§ **Work instruction**
Copy word for word the lines in the records below, starting at the line with "バイク レストア パーツ" and ending at the line with "Уютный домик на". Skip the pictures.

§ **Excerpted records**
==*==
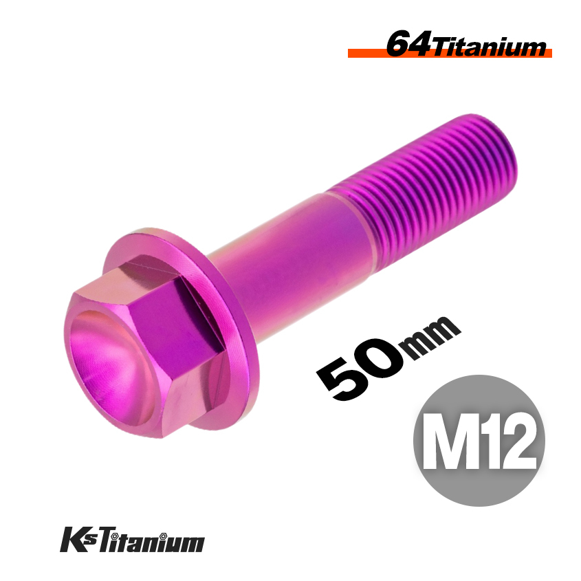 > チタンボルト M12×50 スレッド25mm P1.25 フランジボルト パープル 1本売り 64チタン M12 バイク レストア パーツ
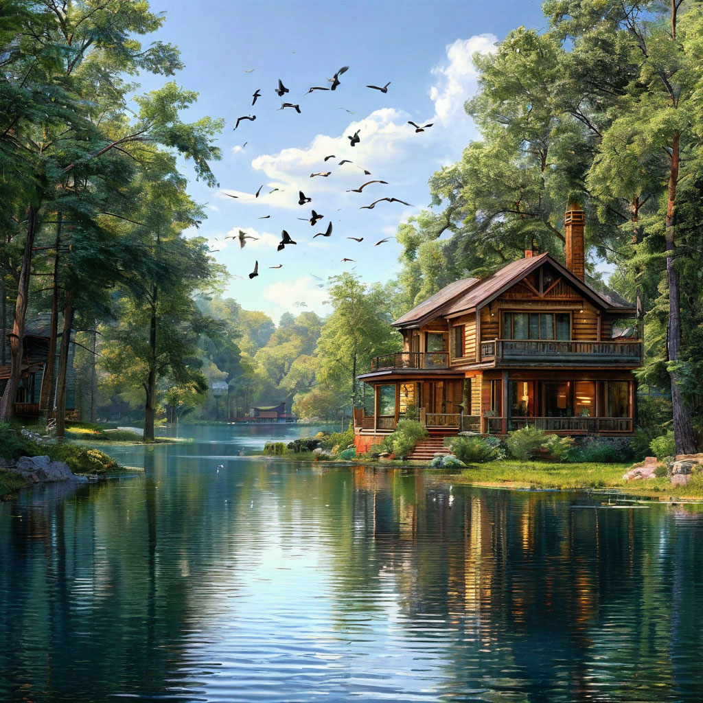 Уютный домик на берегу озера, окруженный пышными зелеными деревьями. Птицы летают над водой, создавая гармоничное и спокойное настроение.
==*==
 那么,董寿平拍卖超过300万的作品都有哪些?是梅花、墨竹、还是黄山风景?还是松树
==*==
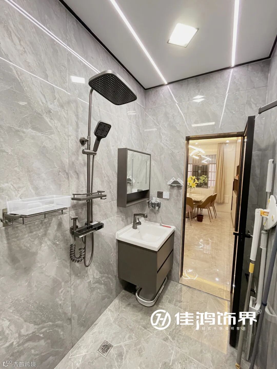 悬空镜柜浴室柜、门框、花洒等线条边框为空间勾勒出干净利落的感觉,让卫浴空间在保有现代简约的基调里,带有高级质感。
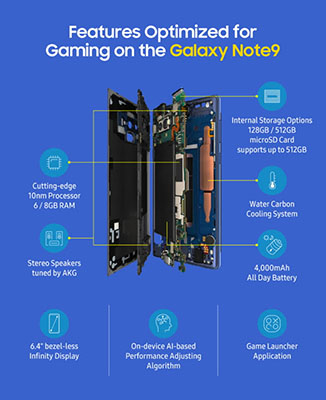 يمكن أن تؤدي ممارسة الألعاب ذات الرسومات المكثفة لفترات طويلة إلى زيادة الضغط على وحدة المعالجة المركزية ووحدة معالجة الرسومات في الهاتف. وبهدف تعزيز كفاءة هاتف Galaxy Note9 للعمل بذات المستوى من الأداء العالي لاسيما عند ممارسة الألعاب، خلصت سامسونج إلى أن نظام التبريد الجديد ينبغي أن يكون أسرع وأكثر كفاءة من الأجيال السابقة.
==*==
§ **Expected answer**
 > チタンボルト M12×50 スレッド25mm P1.25 フランジボルト パープル 1本売り 64チタン M12 バイク レストア パーツ
 Уютный домик на берегу озера, окруженный пышными зелеными деревьями. Птицы летают над водой, создавая гармоничное и спокойное настроение.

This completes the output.